City Manager Harold Duffey said the city will be able to bring its payments up to date in December, when it expects to receive about $5 million from a parcel tax designated to pay pension costs. The city is also hoping to secure a $10-million line of credit this month.

“If PERS looks through their records, they clearly understand the city has had a history of falling behind on PERS payments and catching up in December,” Duffey said.

He said the current issues with CalPERS stemmed from a conversation about bankruptcy at a City Council meeting in July. City officials have since said they have no intention of filing for bankruptcy, but the discussion “made everyone nervous,” Duffey said.

Other California cities that previously filed for bankruptcy, including Vallejo and Stockton, continued to make their CalPERS payments. Some of Stockton’s creditors, including bond investors, have challenged that city’s bankruptcy filing, arguing that the city should have sought concessions from CalPERS.

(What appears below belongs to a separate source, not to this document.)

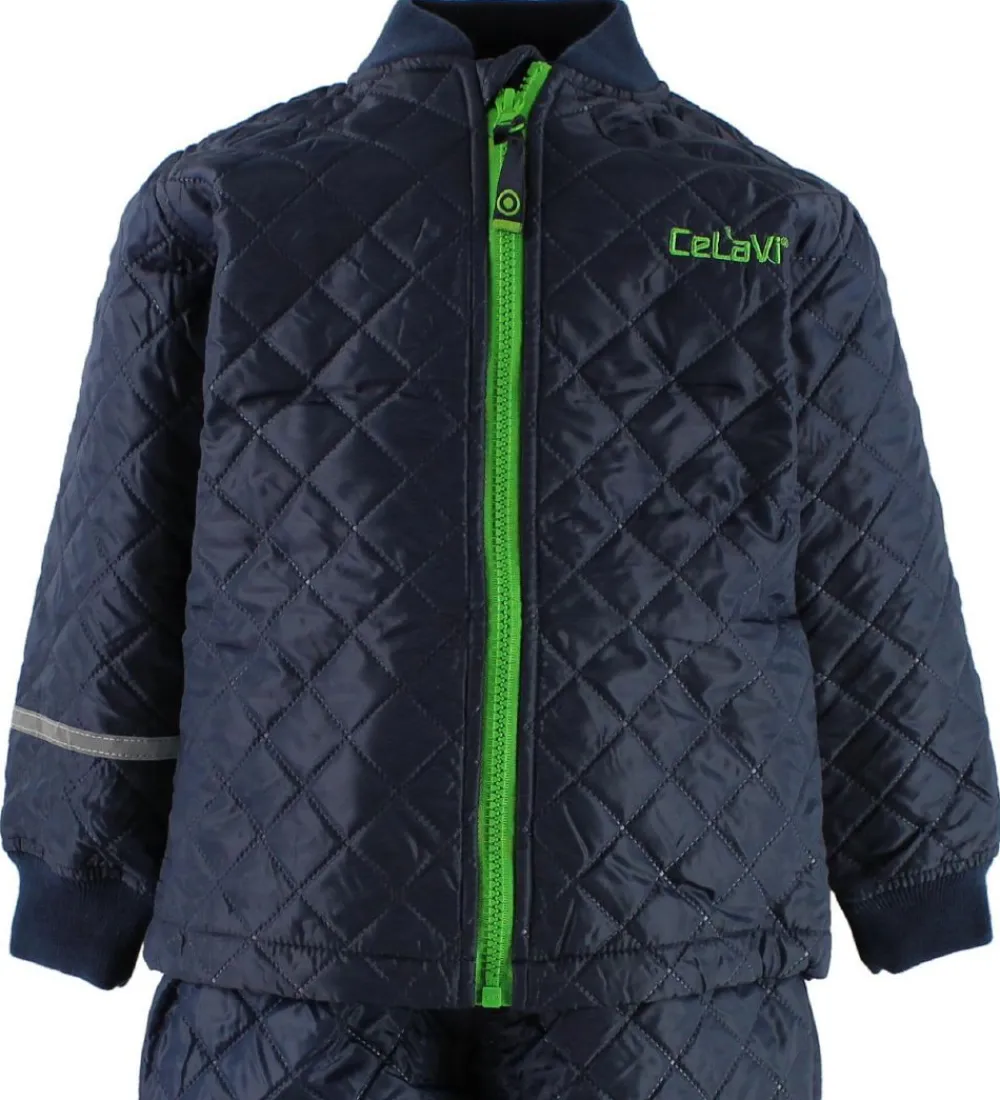Termotøj fra CelaVi her, er marineblå med grøn lynlås og detaljer.

“If either San Bernardino or Compton succeed in redefining its pension obligations, it would set a precedent that CalPERS (and potentially CalSTRS, the California State Teachers’ Retirement System) can be brought to the negotiating table,” the Moody’s report said. “CalPERS, however, has every incentive to pursue all of its legal rights to their fullest extent to make these cities pay under California law, and so discourage other fiscally stressed California municipalities from withholding their required pension payments.”